The images in this post are real wedding pictures from hundreds of years ago.

This entry was posted in Divorce, Marriage, Marriages Go Their Own Way, Messages to a young man and tagged , , , , . Bookmark the permalink.

17 Responses to Marriage Is A Business: Use A Contract

  1. Renee Harris says:

    This really hot writer keep talking about his book on this topic love to read more… 😉

  2. Cohab Monkey says:

    Check out this book on cohabitation agreements:

    • It sounds good, but there are some specific issues that the agreement has to handle and other requirements that have to be observed. The Bonds case tended to set the standard for prenups, which is how you’d want a cohabitation contract viewed if bad things happen.

      In a different world a cohabitation contract would be fine. The problem is that cohabitation can and does offer a court the option to deem the parties to be married with rather interesting ramifications after that.

      The problem isn’t that sometimes things don’t work out, the problem is how that gets worked out when they don’t work out. It’s actually all about incentives. The current legal environment of marriage places the incentives for the woman on the side of nuking the marriage, leaving with cash and prizes knowing she’ll get custody of the children and decades of payments from their father.

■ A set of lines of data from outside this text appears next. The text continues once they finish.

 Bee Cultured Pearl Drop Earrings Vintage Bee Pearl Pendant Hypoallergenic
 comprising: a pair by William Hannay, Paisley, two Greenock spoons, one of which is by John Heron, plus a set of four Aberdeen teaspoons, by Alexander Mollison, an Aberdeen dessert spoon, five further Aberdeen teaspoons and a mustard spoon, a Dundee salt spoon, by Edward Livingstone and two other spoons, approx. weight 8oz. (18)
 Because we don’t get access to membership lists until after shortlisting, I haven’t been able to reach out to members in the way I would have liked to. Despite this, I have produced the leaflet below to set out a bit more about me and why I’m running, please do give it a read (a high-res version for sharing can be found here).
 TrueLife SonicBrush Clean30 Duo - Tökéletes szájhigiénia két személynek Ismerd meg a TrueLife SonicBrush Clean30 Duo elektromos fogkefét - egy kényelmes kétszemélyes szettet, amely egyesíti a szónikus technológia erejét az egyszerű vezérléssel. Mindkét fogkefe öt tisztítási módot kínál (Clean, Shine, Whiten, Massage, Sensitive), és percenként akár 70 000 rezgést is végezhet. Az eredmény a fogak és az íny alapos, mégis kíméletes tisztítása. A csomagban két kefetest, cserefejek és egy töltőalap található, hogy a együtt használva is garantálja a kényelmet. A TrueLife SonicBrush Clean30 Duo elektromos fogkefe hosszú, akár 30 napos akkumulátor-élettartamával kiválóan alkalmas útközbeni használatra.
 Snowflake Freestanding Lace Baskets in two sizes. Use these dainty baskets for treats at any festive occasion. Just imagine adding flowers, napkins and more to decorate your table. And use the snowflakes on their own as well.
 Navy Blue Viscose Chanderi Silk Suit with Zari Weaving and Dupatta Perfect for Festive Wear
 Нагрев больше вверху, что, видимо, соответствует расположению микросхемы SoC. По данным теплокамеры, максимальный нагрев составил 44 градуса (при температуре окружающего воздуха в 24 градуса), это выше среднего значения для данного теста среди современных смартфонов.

      The object is to arrange the incentives in such a way as to reward staying in the relationship and penalize leaving the relationship. That tends to have an effect on the perceptions of whether it’s time to leave or just time to work things out.

      Then we come to religious issues, 3rd party interference and household discipline. Ever hear of the Duluth model of abuse? It’s a patriarchal minefield. About the only thing you can do with that is wrap it in kink because the one thing a court does not want to do is get in the way of a woman’s orgasms. Spank her because she really needs it and knows she wants it? That’s abuse. Spank her because she gets off on it? Carry on, but do try to keep the noise down.

      I’m always interested in learning, but in this legal environment, one either goes all the way or not at all and cohabitation looks way too much like the man is trying to get the milk without buying the cow and the courts want to make sure the man pays. And pays.

  3. Just Some Guy says:

    This is very interesting and I’m surprised that this article is so short. It felt as if you were just ramping up and then stopped. If you could provide examples or sources for any Biblical based marriage contracts that you suggest, I’d love to read them. My Google-Fu leads me only to either the classical Christian covenant vs Contract debate or secular contracts involving both State and Courts.

    • There’s a lot more coming, this was just the introduction. The problem lies with the current legal system and believe it or not, the BDSM community has done more than all the churches put together when it comes to developing contracts that keep the state out of their hair.

      Ultimately the contractual form of marriage- as opposed to the state’s form of statutory marriage -has to be of such a nature that the courts look at it and are presented with so many problems that upset precedent that they find the easiest thing to do is give the parties what they originally contracted to do.

      Combine that with a contract that very clearly spells out the rights (plural) the contract rests on and any court can see that it has the legs to be granted cert if push comes to shove and courts don’t want to deal with it. The goal is a Gordian knot that can’t be cut. Unfortunately, the only way to do that right now is with polygyny, which too many of the right people find distasteful if not downright sinful.

  4. Renee Harris says:

    Are you a lawyer?

    • I am not, nor have I ever been a member of that most despicable class of persons known as attorneys. A lawyer is one learned in law, while an attorney is formally trained in procedure. Most lawyers are attorneys but very few attorneys actually become lawyers; although all attorneys are referred to as lawyers. Interestingly, many of the most famous of the lawyers never went to law school- they served apprenticeships under those who were already learned in law and procedure. That practice is no longer allowed, for it demonstrated the incompetence of law schools.